Он физически ощутил волну невыносимой тоски, наплывающей с соседней полки. Он только что зубами не скрипел. Сказать было нельзя ничего, ни слова — мало того что отпуска бы лишили, вообще сделали бы такое, по сравнению с чем и последние его тутошние недели показались бы раем. Там есть такие изощренные способы, которые здесь и в голову не придут.
— Да, простите, — быстро сказала Вера. — Да уже и приехали почти.
— Чего-то я бормотала ночью во сне, да? — спросила она холодным, розовым, снежным новгородским утром, когда поезд подкатывал к вокзалу.
— Не помню, — сказал так называемый Трубников. — Я, знаете, сам иногда во сне… Даже до крика доходит, если кошмар.
— Нет, мне кошмары не снятся. Мне сплошная радость снится. А проснешься — и тогда кошмар.
— Ничего, Вера, — сказал Трубников. — Все лучше смерти, помните об этом, ладно?
— Удачи, — сказала она.
Трубников некоторое время смотрел ей вслед. Надо было, однако, торопиться. Он быстро пошел в зал ожидания и уселся на скамейку. «Шике-шике-швайне», — пела Глюкоза. Шике-шике швайне сидели вокруг, позевывали, читали газеты. В эту секунду так называемый Трубников любил их невыносимо, потому что пребывать среди них ему оставалось не более минуты, а расставание предстояло не менее чем на год. Он закрыл глаза и с искренним сожалением покинул неприятное тело Трубникова.
Валентин Трубников, придя в себя, долго еще сидел на скамье в зале ожидания, пытаясь понять, как это его, приличного человека, начальника планового отдела, отца двоих детей, занесло в Нижний Новгород холодным январским утром. Бывают такие удивительные провалы в памяти, вроде и не пил ничего. Он не очень хорошо помнил, что с ним было в последние сутки, с тех самых пор, как чужая убедительная воля порекомендовала ему ненадолго заткнуться и принялась бесцеремонно распоряжаться его телом, паспортом и бумажником.
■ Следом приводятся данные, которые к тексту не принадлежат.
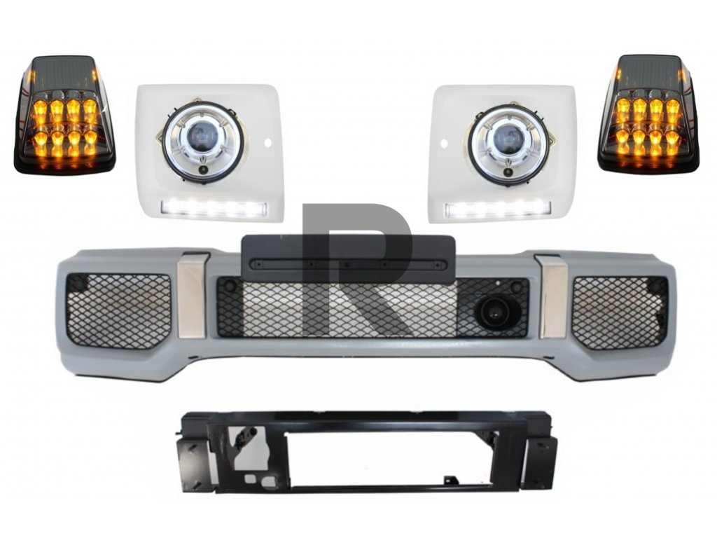 Predný nárazník s krytmi svetlometov LED denné svietenie vhodné pre Mercedes G Class W463 (1989-up) Chrómové svetlomety a smerovky dizajn G65

Кстати, бумажник. Он заглянул туда и обнаружил обратный билет на дневной поезд. Быстро позвонить жене. Странные, необъяснимые случаи, наверняка отравление или цыганка. А иногда, читал он, вообще находят со стертой памятью, одинокого, потерянного, тоже где-нибудь на вокзале: как он попал в какой-нибудь Комсомольск-на-Амуре, совершенно не помнит. Определенно повезло.
Конечно, повезло, думал Мальцев, удаляясь от Трубникова. Это, знаешь, как в анекдоте про поручика Ржевского — «некоторые так на березе и оставляют». А тебе, дураку, попался еще вполне цивилизованный отпускник.
Мужское купе
Крохин ехал в славный город Казань, где у него была большая любовь. В Москве, само собой, у него оставалась жена — все как положено; вообще эта коллизия — одна там, другая тут — была очень под стать вернувшемуся двоемыслию. Все это была, конечно, не диктатура, а так, вяловатая игра в нее, словно играли старую пьесу: простите, тут у нас написано «диктатура», вы сделайте вид, что боитесь, а мы — что жмем. На самом деле, конечно, все про все понимали, и жена, вероятно, тоже догадывалась. Это и было противнее всего. Сколько Крохин ни выслушивал чужих историй, у всех было то же самое, и даже таксист, подвозивший его к трем вокзалам, успел рассказать ему о сходной ситуации. Он был парашютист-любитель, в клубе летал с любовницей, а дома ползал с женой. Сплошной разврат с разрешения гораздо хуже, чем просто изменять долгу или Родине.
В довершение всего Крохин почему-то был уверен, что купе у него будет сплошь мужское, ни одной хорошенькой попутчицы; казалось бы, едешь от одной бабы к другой, чего тебе еще-то? — но Крохин любил женское общество бескорыстно, без всякого эротического подтекста, просто потому, что оно лучше мужского. В Отечестве ведь как? Мужчина должен быть мужчинским: защитник Родины, охотник, спортсмен, любитель поговорить о гоночных автомобилях, о рыбалке, в крайнем случае о бабах. Крохин ненавидел все это до рвотных спазмов. И не сказать, чтобы в детстве он страдал от дефицита мужского воспитания, и его даже не били одноклассники. Никто его не бил, и отец у него наличествовал, а просто Крохин терпеть не мог доминирования, которым мужчины в России занимались непрерывно. Нормальная практика для замкнутых несвободных сообществ, Крохин как дипломированный социолог отлично это понимал. Женщины вносили в такие сообщества нежелательную разрядку. Мужчины без женщин тут же начинали стремиться к максимальной отвратительности, и самый гнусный немедленно становился лидером. Сейчас Крохину предстояло провести девять часов в замкнутом мужском коллективе, в принудительном сообществе четырехместного купе скорого поезда Москва — Новосибирск, и он заранее ненавидел попутчиков.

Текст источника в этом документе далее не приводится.